Collected data Start Marker

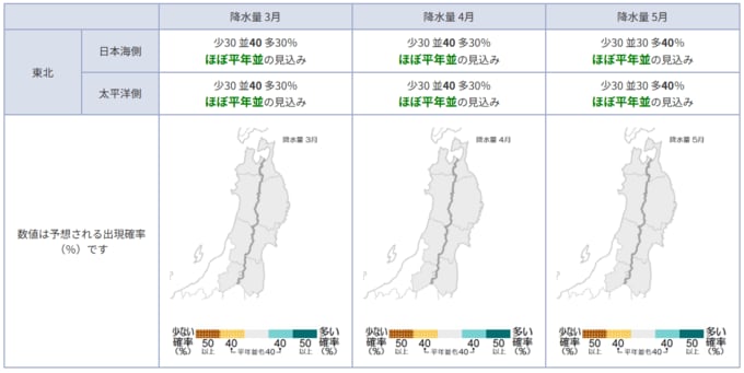 東北日本海側:平年並か高い見込み 東北太平洋側:平年並か高い見込み
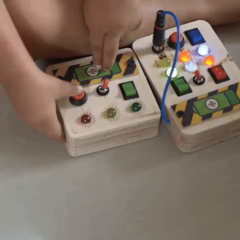 Interactive switches trigger glowing lights, making learning fun and stimulating.
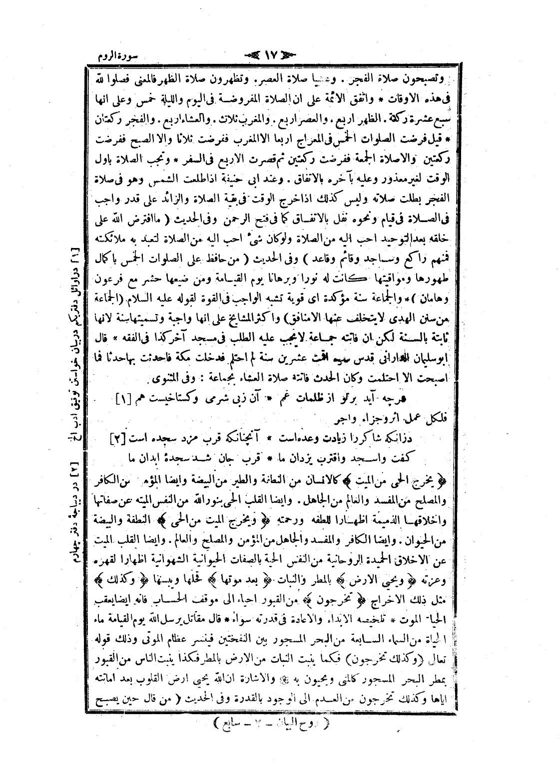 وتصبحون صلاة الفجر. وعشيا صلاة العصر. وتظهرون صلاة الظهر فالمعنى فصلوا لله فى هذه الأوقات واتفق الائمة على ان الصلاة المفروضة فى اليوم والليلة خمس وعلى انها سبع عشرة ركعة. الظهر اربع. والعصر اربع. والمغرب ثلاث. والعشاء اربع. والفجر ركعتان قيل فرضت الصلوات الخمس فى المعراج أربعا الا المغرب ففرضت ثلاثا والا الصبح ففرضت ركعتين والا صلاة الجمعة ففرضت ركعتين ثم قصرت الأربع فى السفر وتجب الصلاة باول الوقت لغير معذور وعليه بآخره بالاتفاق. وعند ابى حنيفة إذا طلعت الشمس وهو فى صلاة الفجر بطلت صلاته وليس كذلك إذا خرج الوقت فى بقية الصلاة والزائد على قدر واجب فى الصلاة فى قيام ونحوه نفل بالاتفاق كما فى فتح الرحمن وفى الحديث (ما افترض الله على خلقه بعد التوحيد أحب اليه من الصلاة ولو كان شىء أحب اليه من الصلاة لتعبد به ملائكته فمنهم راكع وساجد وقائم وقاعد) وفى الحديث (من حافظ على الصلوات الخمس بإكمال طهورها ومواقيتها كانت له نورا وبرهانا يوم القيامة ومن ضيعها حشر مع فرعون وهامان) والجماعة سنة مؤكدة اى قوية تشبه الواجب فى القوة لقوله عليه السلام (الجماعة من سنن الهدى لا يتخلف عنها الا منافق) واكثر المشايخ على انها واجبة وتسميتها سنة لانها ثابتة بالسنة لكن ان فاتته جماعة لا يجب عليه الطلب فى مسجد آخر كذا فى الفقه قال ابو سليمان الداراني قدس سره أقمت عشرين سنة لم احتلم فدخلت مكة فاحدثت بها حدثا فما أصبحت الا احتلمت وكان الحدث فاتته صلاة العشاء بجماعة: وفى المثنوى

Collected data End Marker

> Task brief
The expected output is an exact copy of the lines from the one holding "Interactive switches trigger" through the last line of the listing above, with the pictures omitted.

> Problem solution
 Interactive switches trigger glowing lights, making learning fun and stimulating.
 وتصبحون صلاة الفجر. وعشيا صلاة العصر. وتظهرون صلاة الظهر فالمعنى فصلوا لله فى هذه الأوقات واتفق الائمة على ان الصلاة المفروضة فى اليوم والليلة خمس وعلى انها سبع عشرة ركعة. الظهر اربع. والعصر اربع. والمغرب ثلاث. والعشاء اربع. والفجر ركعتان قيل فرضت الصلوات الخمس فى المعراج أربعا الا المغرب ففرضت ثلاثا والا الصبح ففرضت ركعتين والا صلاة الجمعة ففرضت ركعتين ثم قصرت الأربع فى السفر وتجب الصلاة باول الوقت لغير معذور وعليه بآخره بالاتفاق. وعند ابى حنيفة إذا طلعت الشمس وهو فى صلاة الفجر بطلت صلاته وليس كذلك إذا خرج الوقت فى بقية الصلاة والزائد على قدر واجب فى الصلاة فى قيام ونحوه نفل بالاتفاق كما فى فتح الرحمن وفى الحديث (ما افترض الله على خلقه بعد التوحيد أحب اليه من الصلاة ولو كان شىء أحب اليه من الصلاة لتعبد به ملائكته فمنهم راكع وساجد وقائم وقاعد) وفى الحديث (من حافظ على الصلوات الخمس بإكمال طهورها ومواقيتها كانت له نورا وبرهانا يوم القيامة ومن ضيعها حشر مع فرعون وهامان) والجماعة سنة مؤكدة اى قوية تشبه الواجب فى القوة لقوله عليه السلام (الجماعة من سنن الهدى لا يتخلف عنها الا منافق) واكثر المشايخ على انها واجبة وتسميتها سنة لانها ثابتة بالسنة لكن ان فاتته جماعة لا يجب عليه الطلب فى مسجد آخر كذا فى الفقه قال ابو سليمان الداراني قدس سره أقمت عشرين سنة لم احتلم فدخلت مكة فاحدثت بها حدثا فما أصبحت الا احتلمت وكان الحدث فاتته صلاة العشاء بجماعة: وفى المثنوى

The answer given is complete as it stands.